I have a time-series data of air-pressure inside a room. The reading are the output of an physics experiment. The Predictor
variable is binary flag which is coded as follows:
If (ending-reading = 0 then 1 else 0)
I have attached the snapshot of the data below. My objective is to predict the likelihood of the ending-reading being 0 for a future time period.
I understand that I can use time-series forecasting like ARIMA or ARIMAX
to project the end-reading and then simply refresh the Predictor
flag. But I am looking for other alternatives, either supervised or unsupervised methods.
I thought survival-analysis
might work but I am not sure if it is applicable in this case since the end-reading can be 0 on multiple days. The experiment doesn't stop if the end-reading on a particular day is 0.

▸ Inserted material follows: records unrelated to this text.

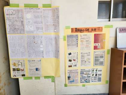 1階理科室のろう下側に、4〜6年生の夏休みの宿題が掲示されています。どれも力作揃いです。
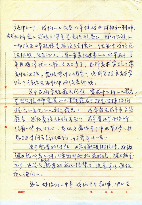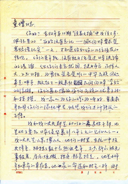 童增同志:我们的家只是中华大地千万个受难家庭中的一个。我们的人民在八年抗战中财物和精神、肉体上所受的灾难之深是无法形容的。我们民族的一切损失日本政府是应该赔偿的,但当时我们无法拍照,只有证人,有的有幸活过来的人也早死了,当年目睹惨状的人存活已不多了。怎样要求索赔?需要什么证据?要做些什么调查?向哪里提出要求索赔?请你在百忙中回信告诉我。
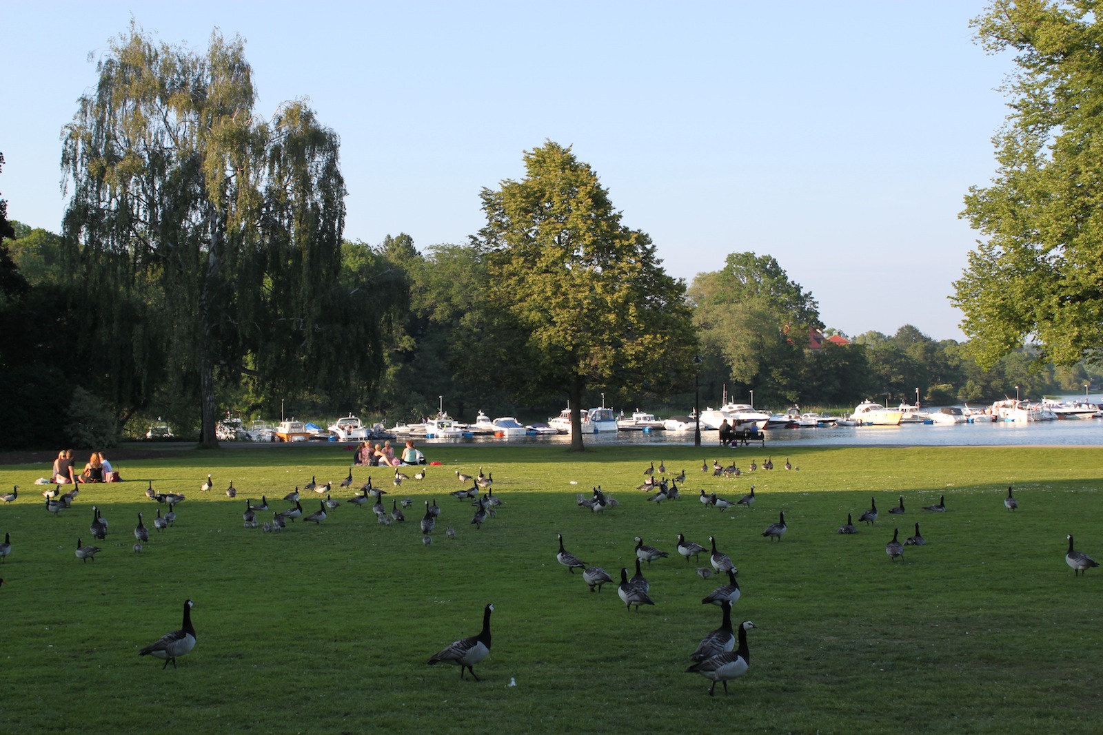 Après avoir été attaquées par des mouettes, voleuses de frites ; nous avons décidé de nous remettre de nos émotions sur cette étendue d’herbe à l’entrée de DjugÃ¥rden où ces drôles d’oiseaux sont plus nombreux que les drôles d’humains. Et pour cause… Ils sont si nombreux que nous nous sommes inévitablement assises sur ce que l’on a appelé de la bouse d’oiseaux vertes…
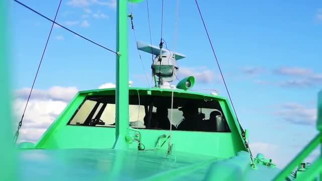 Flight Over Moored Yachts and Boats near Embankment, sunny day
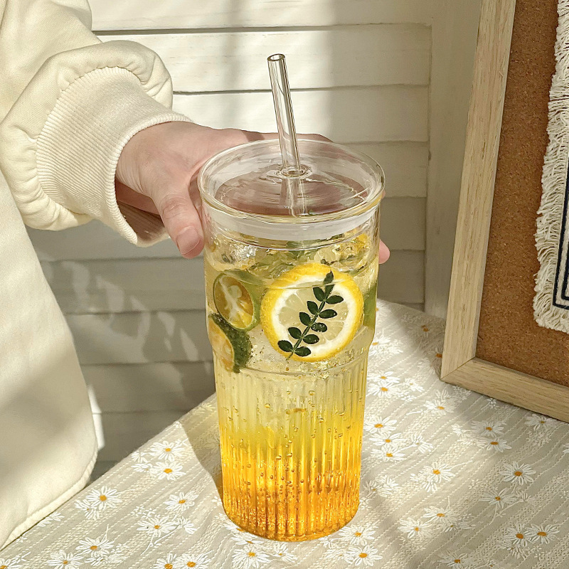 大容量ストローガラスカップ、高温耐性家庭用蓋付きコールドドリンクカップ、高価値ミルクティーコーヒージュースカップ

Would logistic regression work on time-series data?
Any help would be much appreciated.
Best Answer
You have asked 2 questions. First if you can use Logistic regression. Of course you can. You can surely have lag values of ending reading/ beginning reading as independent variables. Even ARMA is a kind of regression only.-
http://machinelearningstories.blogspot.in/2016/08/time-series-and-fitting-regression-on.html
Second, As you have state based output values- 0 and 1. You can think of state models for time series like Multi State Modelling (MSM) or Hidden Markov Models ( if data has markov property). In these state models you can have beginning reading, inflow, outflow as external variables and then you can build your model.